Line by line, give the data again exactly as it appears, but without pictures.
━━━ Data block ━━━
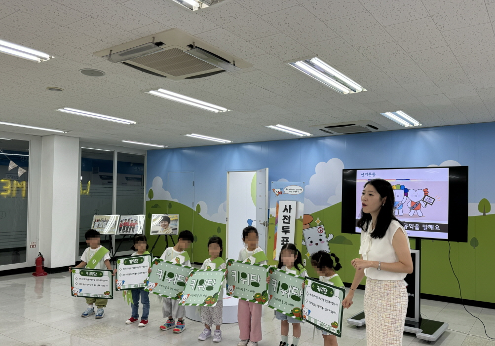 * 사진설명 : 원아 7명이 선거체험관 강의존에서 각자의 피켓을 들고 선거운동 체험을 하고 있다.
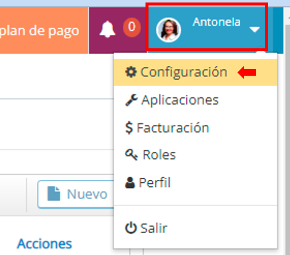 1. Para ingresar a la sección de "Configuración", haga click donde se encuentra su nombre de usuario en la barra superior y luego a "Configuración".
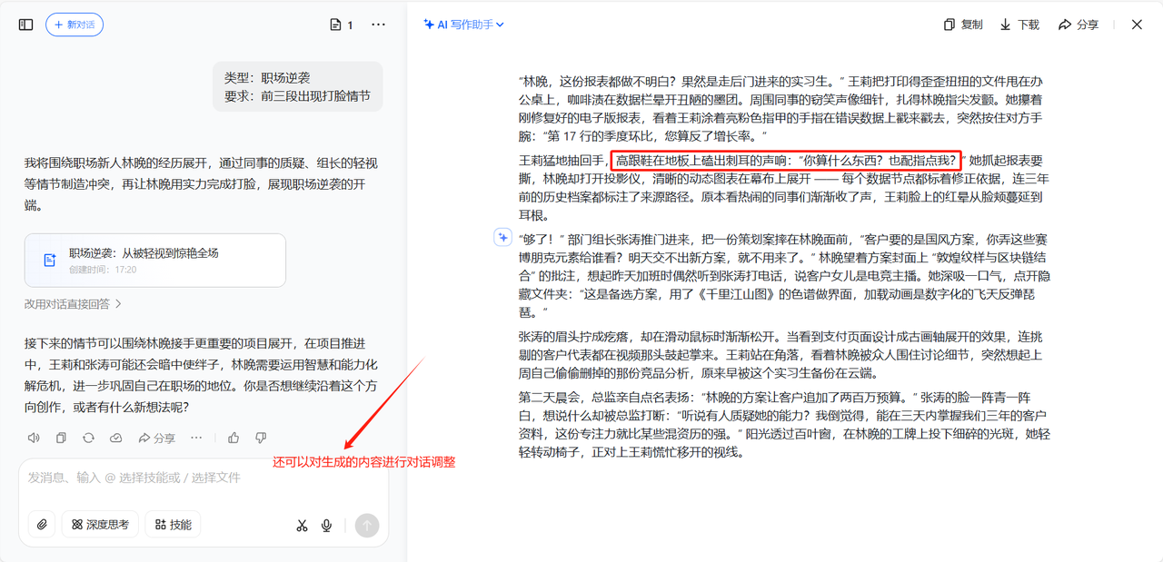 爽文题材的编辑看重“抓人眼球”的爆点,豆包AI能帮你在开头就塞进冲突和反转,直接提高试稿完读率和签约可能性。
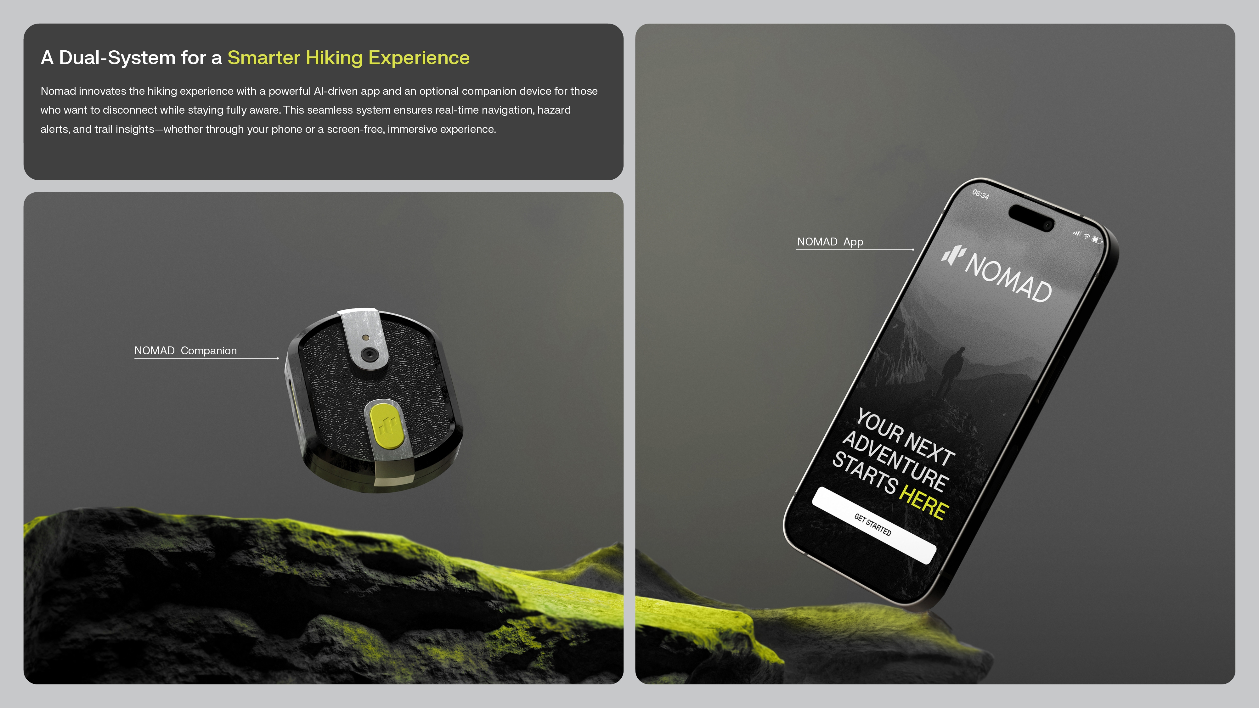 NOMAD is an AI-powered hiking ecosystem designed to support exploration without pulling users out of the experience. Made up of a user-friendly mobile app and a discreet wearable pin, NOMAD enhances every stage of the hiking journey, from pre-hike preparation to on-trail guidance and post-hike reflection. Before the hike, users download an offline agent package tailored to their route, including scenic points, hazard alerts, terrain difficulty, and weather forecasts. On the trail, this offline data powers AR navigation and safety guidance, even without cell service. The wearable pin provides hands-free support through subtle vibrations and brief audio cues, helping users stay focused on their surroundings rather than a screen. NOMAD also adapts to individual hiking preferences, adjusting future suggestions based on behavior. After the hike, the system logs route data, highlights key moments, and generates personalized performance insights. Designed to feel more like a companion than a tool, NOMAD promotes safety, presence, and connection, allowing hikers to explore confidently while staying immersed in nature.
━━━
Response area>
 * 사진설명 : 원아 7명이 선거체험관 강의존에서 각자의 피켓을 들고 선거운동 체험을 하고 있다.
 1. Para ingresar a la sección de "Configuración", haga click donde se encuentra su nombre de usuario en la barra superior y luego a "Configuración".
 爽文题材的编辑看重“抓人眼球”的爆点,豆包AI能帮你在开头就塞进冲突和反转,直接提高试稿完读率和签约可能性。
 NOMAD is an AI-powered hiking ecosystem designed to support exploration without pulling users out of the experience. Made up of a user-friendly mobile app and a discreet wearable pin, NOMAD enhances every stage of the hiking journey, from pre-hike preparation to on-trail guidance and post-hike reflection. Before the hike, users download an offline agent package tailored to their route, including scenic points, hazard alerts, terrain difficulty, and weather forecasts. On the trail, this offline data powers AR navigation and safety guidance, even without cell service. The wearable pin provides hands-free support through subtle vibrations and brief audio cues, helping users stay focused on their surroundings rather than a screen. NOMAD also adapts to individual hiking preferences, adjusting future suggestions based on behavior. After the hike, the system logs route data, highlights key moments, and generates personalized performance insights. Designed to feel more like a companion than a tool, NOMAD promotes safety, presence, and connection, allowing hikers to explore confidently while staying immersed in nature.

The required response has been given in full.